Example of how nodes and links in a minimum planar graph may block or displace other links. Node n8 entirely blocks other MPG links from node n7. Because node n2 is on the minimum inter-node link between n1 and n3 (dashed line), the MPG link is displaced to another least-cost path. Similarly, the link between n1 and n3 blocks an MPG link between n2 and n5. Because the link between n4 and n6 crosses the minimum inter-node link between n3 and n8 (dashed line), the MPG link is displaced.

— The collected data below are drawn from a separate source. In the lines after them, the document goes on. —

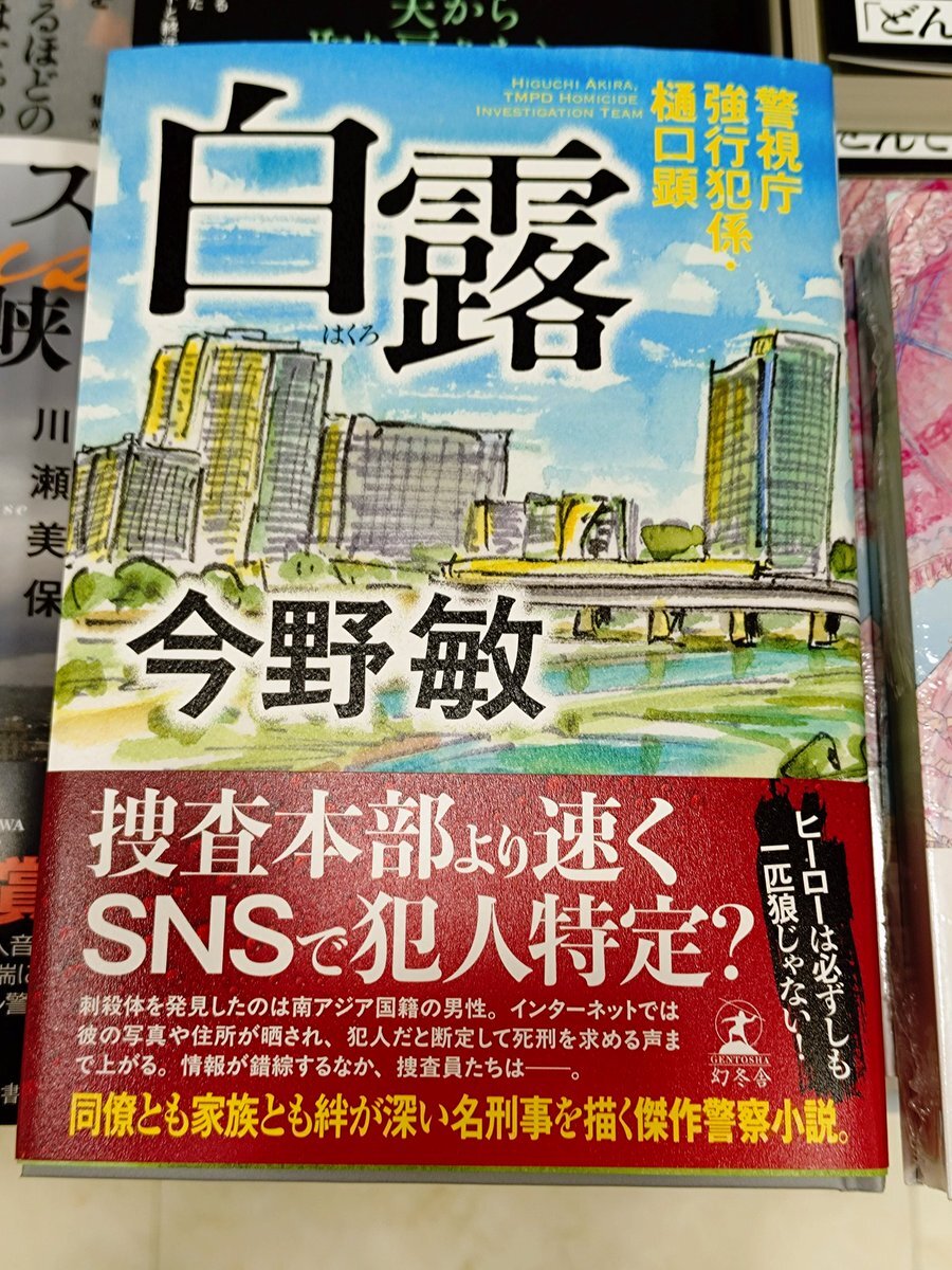 警察小説と言えば… 🚓#今野敏 さんの最新刊入荷 『#警視庁強行犯係・樋口顕 白露はくろ』 #幻冬舎 刊行 東京の世田谷区の工事現場で 他殺体が見つかった。 第一発見者は そこで働く南アジア国籍の男性。 警視庁捜査一課の樋口班が捜査を進めるなか SNSでは彼の実名が書き込まれ 犯人ではと疑う声… pic.x.com/G4Xv95O6ju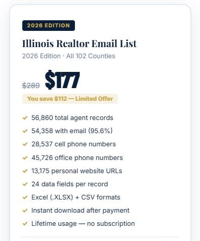 Data compiled from Realtor.com, Homes.com, RE/MAX, and state association directories — merged, cleaned, and deduplicated. With 54,358 records including an email address (95.6% coverage), this is among the most complete IL realtor databases available.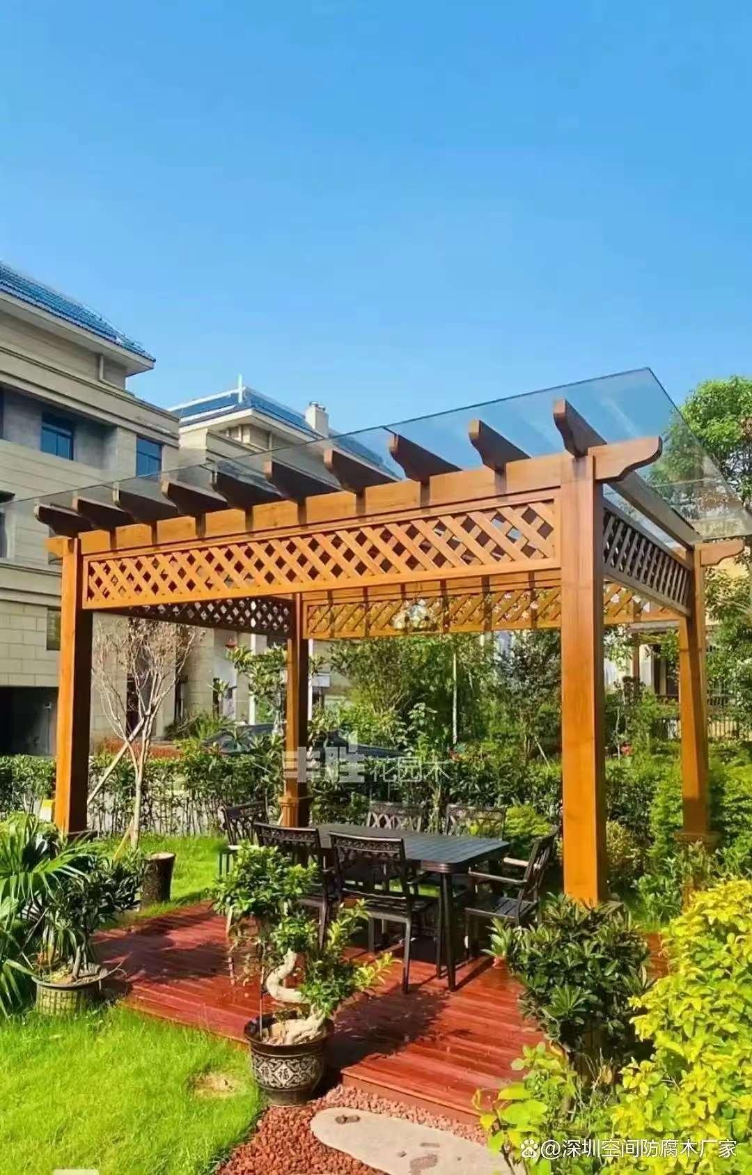 **庭院防腐木**:主要用于庭院的建设,如搭建庭院的亭子、围栏、花架等。它具有良好的防腐性能,能够抵御各种自然环境的侵蚀,保证庭院设施的长期使用。同时,其外观美观,可以为庭院增添自然、温馨的氛围。

https://static-content.springer.com/image/art%3A10.1007%2Fs10021-007-9038-7/MediaObjects/10021_2007_9038_Fig4_HTML.gif
Figure 4.

Influence of a node n3 on the location of the MPG link between nodes n1 and n2. The gray circle is the smallest empty circle that touches nodes n1 and n2, and point p is the center of that circle (that is, the closest point to nodes n1 and n2 that is no closer to any other node). Dashed lines represent the Voronoi boundaries. In diagram A, node n3 has no influence and the minimum empty circle is bisected by the minimum inter-node path between nodes n1 and n2. Diagrams B and C show how the MPG link is between the points on the perimeter of nodes n1 and n2 closest to point p, which is not necessarily the minimum direct path between these nodes.

The MPG may not be a complete triangulation due to the finite spatial domain or the cost function. A Voronoi boundary may lie entirely outside of the study area, so no link is made (for example, between nodes n4 and n5 in Figure 1A). Landscapes of interest are usually embedded within a larger region, so it is hard to justify links that may be precluded in a larger area. An MPG must also respect the metric cost space, in particular the triangle inequality, which states that the cost of a link from n1 to n2 cannot exceed the cost from n1 to n3 plus the cost from n3 to n2.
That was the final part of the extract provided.